TASK STATEMENT:
Print exactly, and only, the lines from the one containing "Teхас. Расписной овсянковый" through the last line of the records below, both included; leave out the pictures.

INFORMATION PROVIDED:
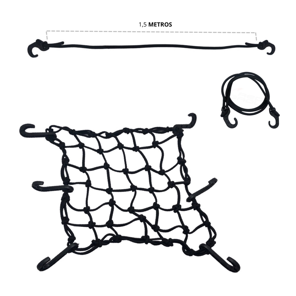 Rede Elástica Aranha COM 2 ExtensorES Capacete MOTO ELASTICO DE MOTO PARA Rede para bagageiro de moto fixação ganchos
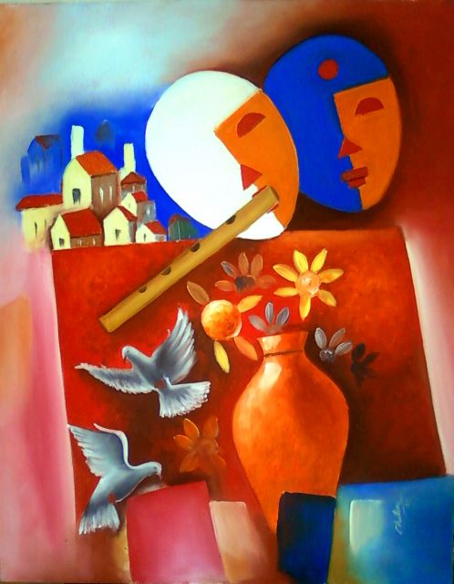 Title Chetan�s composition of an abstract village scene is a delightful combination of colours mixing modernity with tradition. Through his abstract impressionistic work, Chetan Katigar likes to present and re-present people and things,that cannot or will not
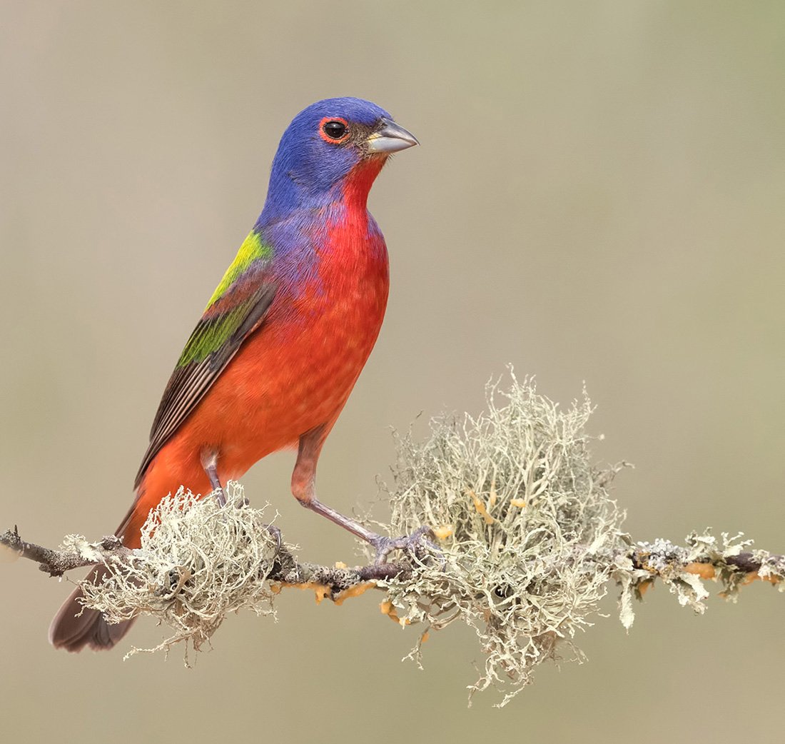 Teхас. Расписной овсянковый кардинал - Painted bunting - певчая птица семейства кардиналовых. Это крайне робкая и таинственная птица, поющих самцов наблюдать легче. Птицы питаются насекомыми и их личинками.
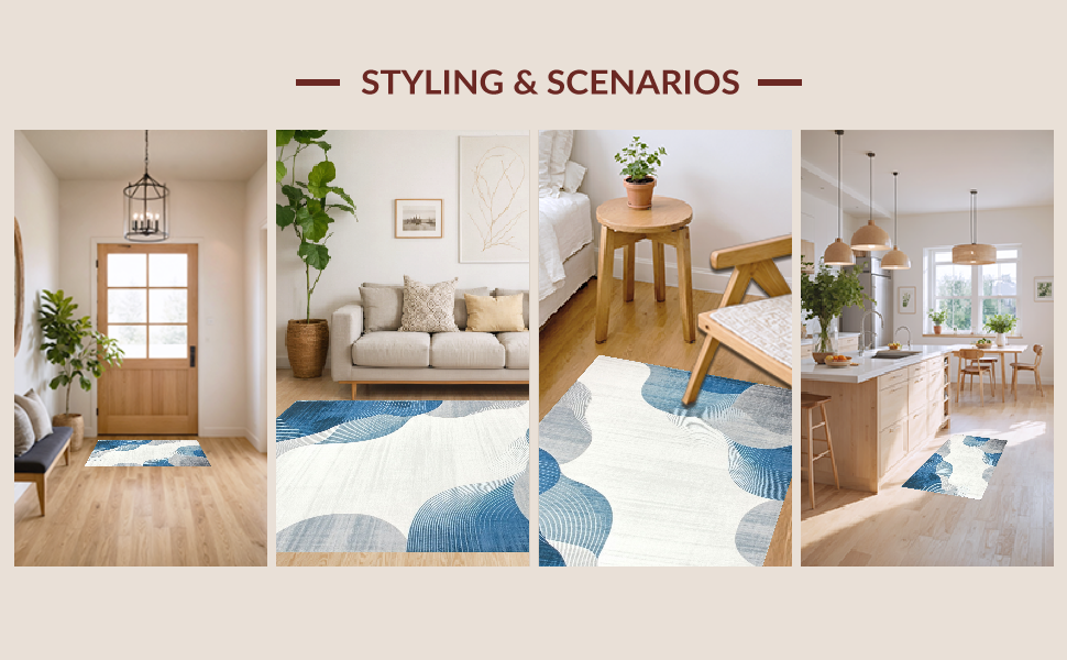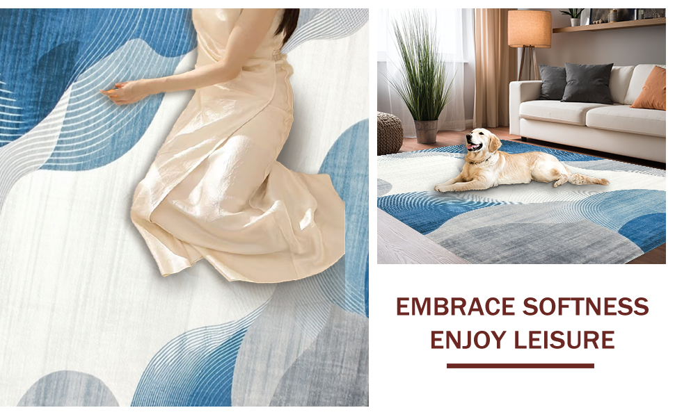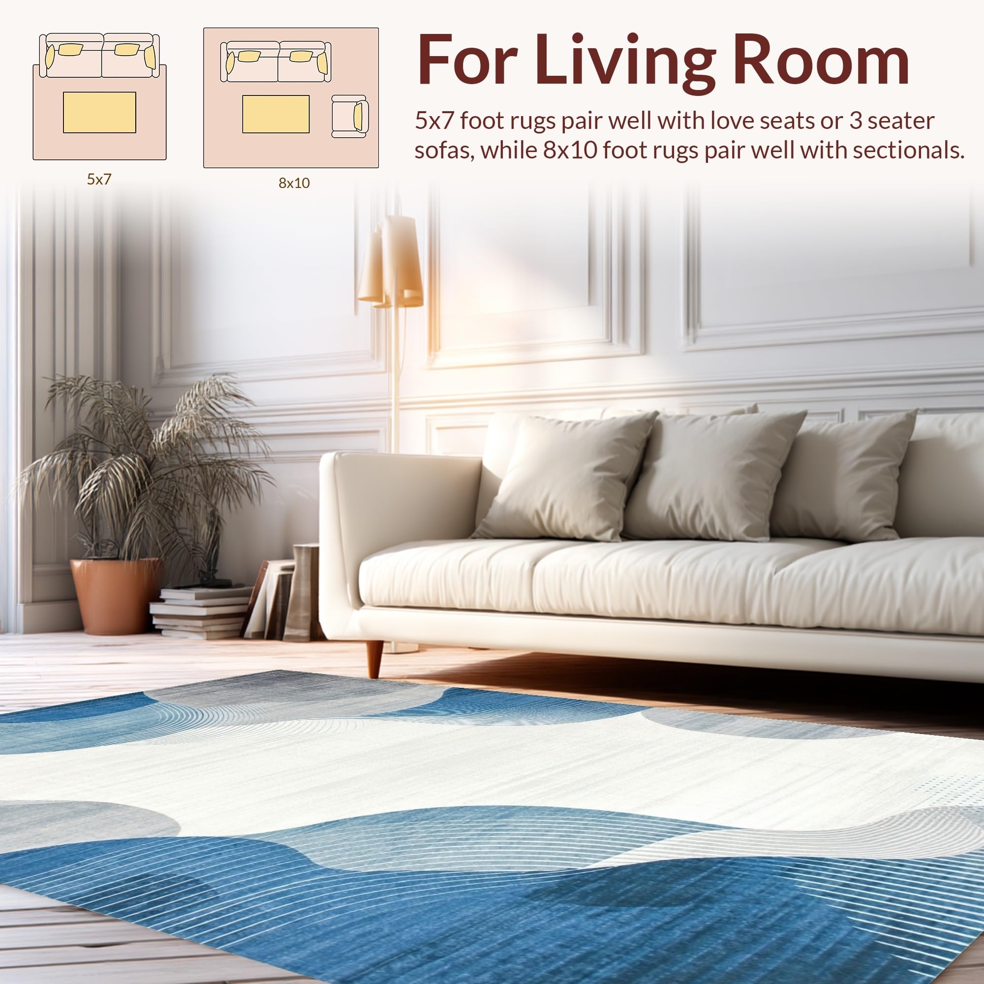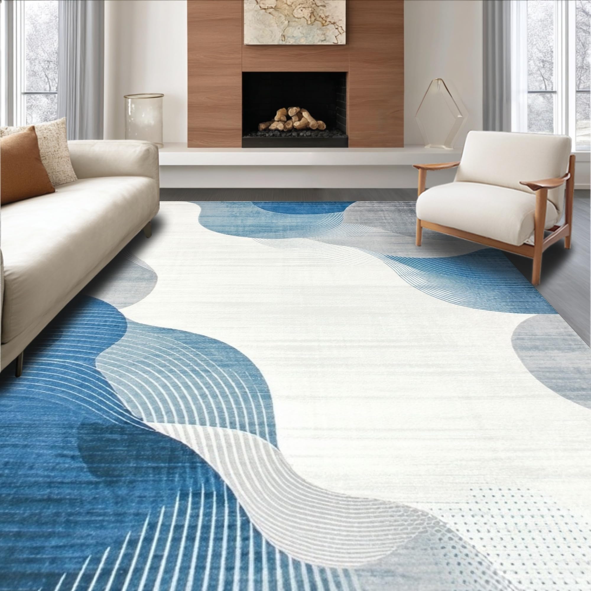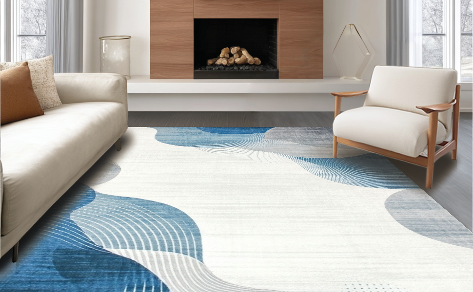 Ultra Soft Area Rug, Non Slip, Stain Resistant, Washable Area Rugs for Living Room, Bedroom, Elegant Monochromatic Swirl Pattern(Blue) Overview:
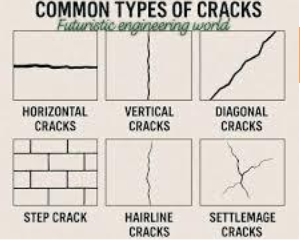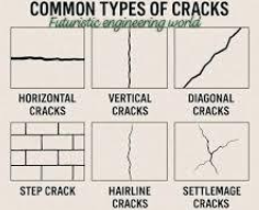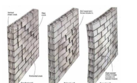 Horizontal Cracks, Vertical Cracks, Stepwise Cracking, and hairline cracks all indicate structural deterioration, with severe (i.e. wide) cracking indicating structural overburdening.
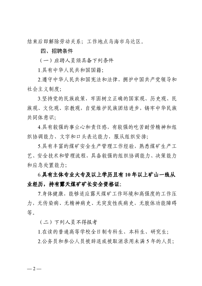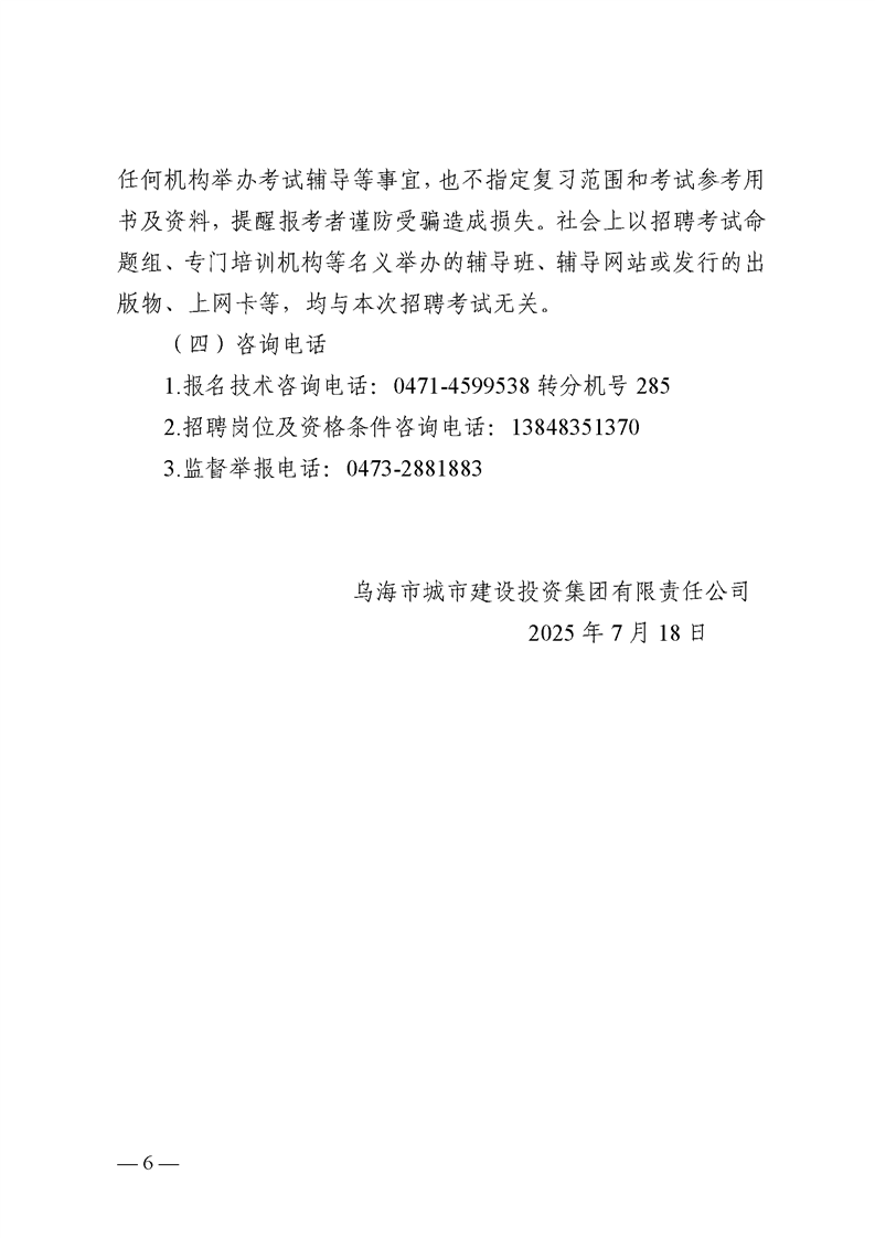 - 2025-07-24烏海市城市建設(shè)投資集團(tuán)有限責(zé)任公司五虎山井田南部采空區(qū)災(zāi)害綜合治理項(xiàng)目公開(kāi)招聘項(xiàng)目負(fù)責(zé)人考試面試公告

YOUR RESPONSE:
 Teхас. Расписной овсянковый кардинал - Painted bunting - певчая птица семейства кардиналовых. Это крайне робкая и таинственная птица, поющих самцов наблюдать легче. Птицы питаются насекомыми и их личинками.
 Ultra Soft Area Rug, Non Slip, Stain Resistant, Washable Area Rugs for Living Room, Bedroom, Elegant Monochromatic Swirl Pattern(Blue) Overview:
 Horizontal Cracks, Vertical Cracks, Stepwise Cracking, and hairline cracks all indicate structural deterioration, with severe (i.e. wide) cracking indicating structural overburdening.
 - 2025-07-24烏海市城市建設(shè)投資集團(tuán)有限責(zé)任公司五虎山井田南部采空區(qū)災(zāi)害綜合治理項(xiàng)目公開(kāi)招聘項(xiàng)目負(fù)責(zé)人考試面試公告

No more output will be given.